Yep. Thats N Bama topography all right. Sounds like yall had some fun. Right now im eyeballin a possible BOL site in the Mobile Delta. Nothin but snakes, lakes, wild hogs, and wild ppl. Been ppl lost forever in there. My kinda place.


----------



## OldCootHillbilly (Jul 9, 2010)

Nice place. Good yall practice. One a the thins we do is take a notebook long. Make notes on what we fergot, what problems we had an so forth. Easier then tryin ta remember all a it.

Also thin it be great yer wife wan'ts ta learn. Tell her good job.


----------



## BrianAz (Oct 2, 2012)

OldCootHillbilly said:


> Nice place. Good yall practice. One a the thins we do is take a notebook long. Make notes on what we fergot, what problems we had an so forth.

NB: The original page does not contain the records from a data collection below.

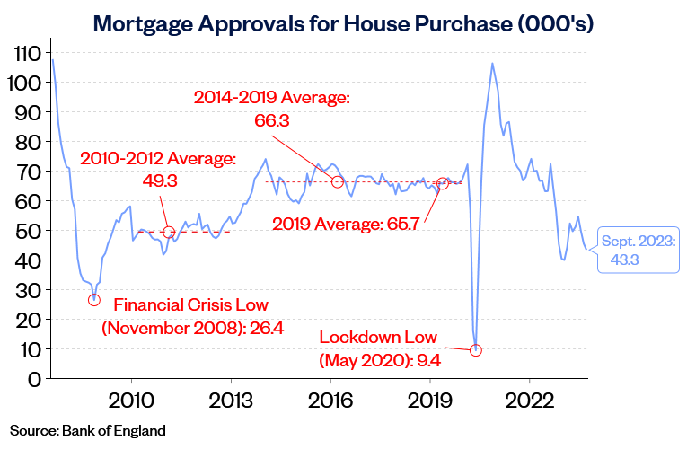 “Nevertheless, housing market activity has remained extremely weak, with just 43,300 mortgages approved for house purchase in September, around 30 per cent below the monthly average prevailing in 2019.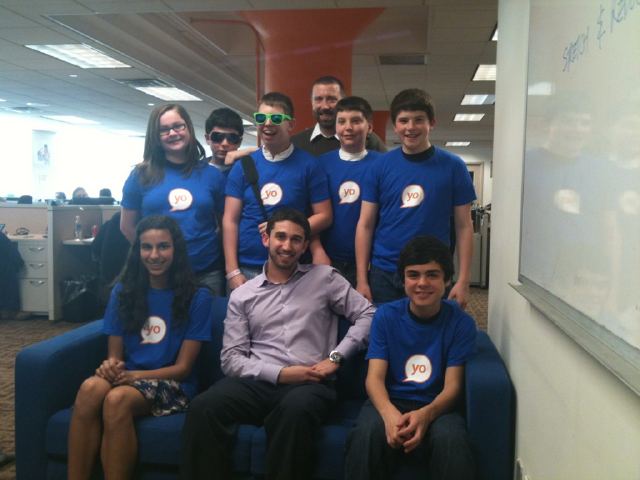 Photo caption: Yodle co-founder Ben Rubenstein sits with a group of seventh- and eighth-graders from the Saints Philip and James School in St. James and their teacher George Haines. (April 21, 2011)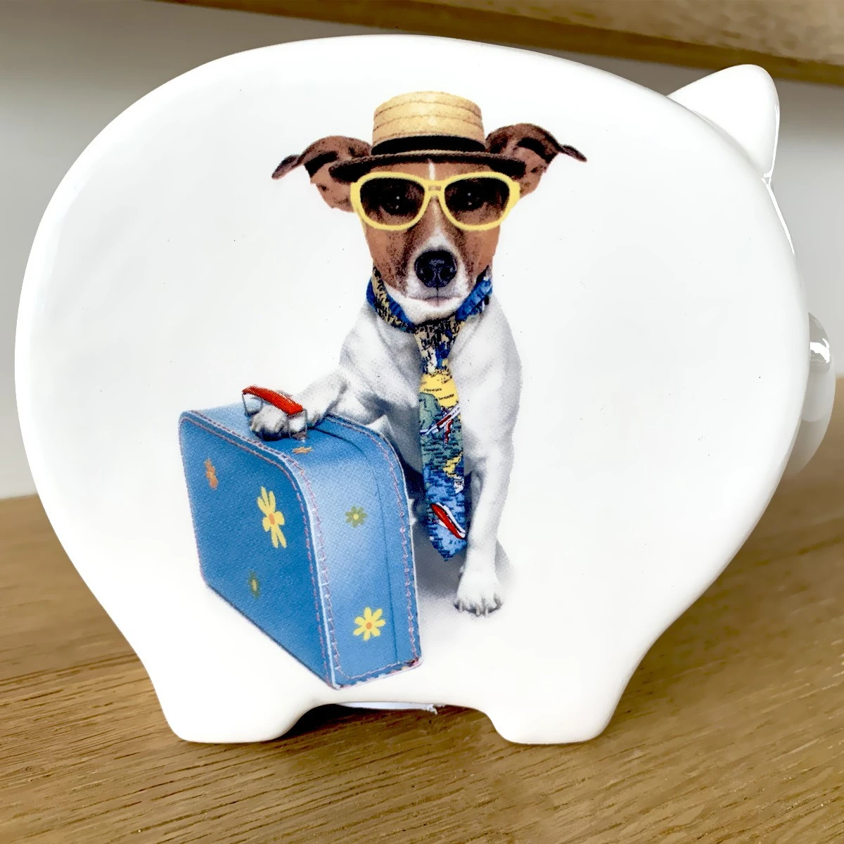 Ce cochon atypique est plat des deux côtés, ce qui vous permet de la ranger entre deux livres par exemple. Comme toute tirelire, la est pourvue d’une fente sur le dos afin d’y glisser toutes les participations des collègues à votre pot de départ à la retraite. Une petite cagnotte qui vous permettra de vous offrir le cadeau qui vous fera plaisir. Une face jaune avec l’inscription « Cagnotte de la Retraite » et un drôle de chien avec des lunettes et un chapeau de paille, visiblement prêt à partir en vacances avec sa valise. Lorsque la sera pleine, il vous sera facile de la vider en enlevant le bouchon de caoutchouc dans la partie inférieure.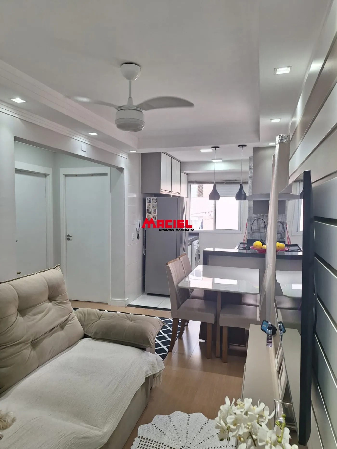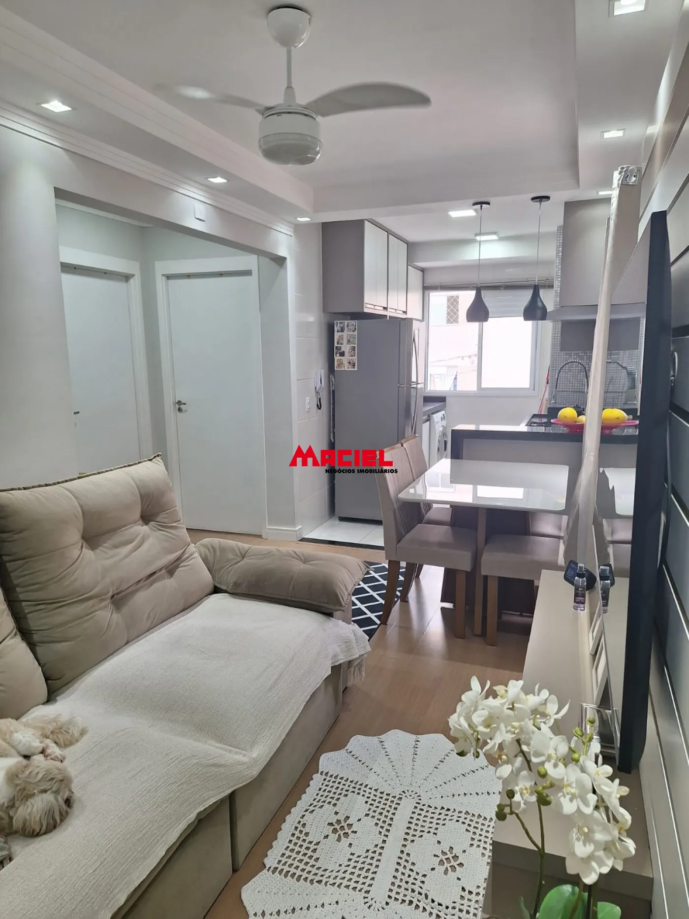 Este apartamento de 47 m² possui sala para 2 ambientes, cozinha conceito aberto, 2 dormitórios, 1 banheiro social, 1 vaga de garagem. Armários planejados na cozinha e box tipo Blindex no banheiro.
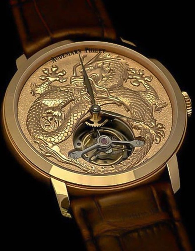 Мужские часы от компании Audemars Piguet, вошедшие в коллекцию "Jules Audemars", представлены в круглом корпусе из розового золота, диаметром 41 миллиметр. Часы выпущены ограниченным тиражом - 8 экземпляров. Герметичность корпуса - 20 метров. На полностью золотом циферблате с вылитой миниатюрой дракона указываются часы и минуты. Около отметки "6 часов" размещено окно турбийона. Калибр 2906, установленный в этих часах, работает от ручного подзавода. Запас хода механизма - 72 часа. Ремешок, идущий в комплекте, пошит из натуральной кожи крокодила. Классическая пряжка сделана из золота. Швейцарская мануфактура Audemars Piguet основана еще 1875 году Эдвардом-Огюстом Пиге и Жюлем-Луи Одемаром. Название бренда состоит именно из комбинации фамилий основателей. Штаб-квартира часовой компании находится в швейцарском городе Ле Брассю. Лучшие изделия бренда хранятся в Британском музее. В кинофильме "Терминатор 3" на руке главного героя блеснуло произведение Audemars Piguet, разработанное инженерами компании совместно с А. Шварценеггером. Среди пользователей швейцарских часов Audemars Piguet числятся Лео Месси, Михаэль Шумахер, Криштиано Роналду, Арнольд Шварценеггер, Jay-z, Дольф Лундгрен, Хью Джекман, Скарлетт Йоханссон, Кэтрин Зета-Джонс и другие всемирно известные персоны.
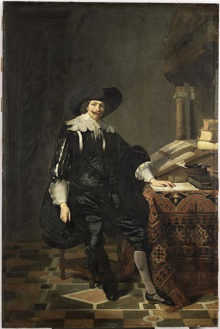 portrait d'inconnu (homme, assis, de trois-quarts, dentelle, chapeau, table, tapis, livre, pupitre, pavement)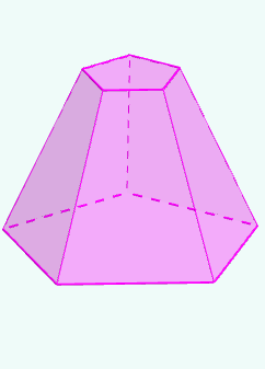 Un tronco de pirámide é o corpo comprendido entre a base da pirámide e un plano que corta a todas as arestas laterais. Os troncos de pirámide noméanse do mesmo xeito que as pirámides das que proceden. Así, falamos de troncos triángulares, cuadrangulares, pentagonais,… Se o plano secante é paralelo á base falamos de tronco de bases paralelas. | ||

Easier then tryin ta remember all a it.
> 
> Also thin it be great yer wife wan'ts ta learn. Tell her good job.


Yep. We make a list also. One right before we head back out so the issues are fresh in our minds, and one a few days later once our minds have had time to mull things over.


----------



## Aliaysonfire (Dec 18, 2012)

We did the list thing too. Forgot to write one issue of the list down though! Darn!!


----------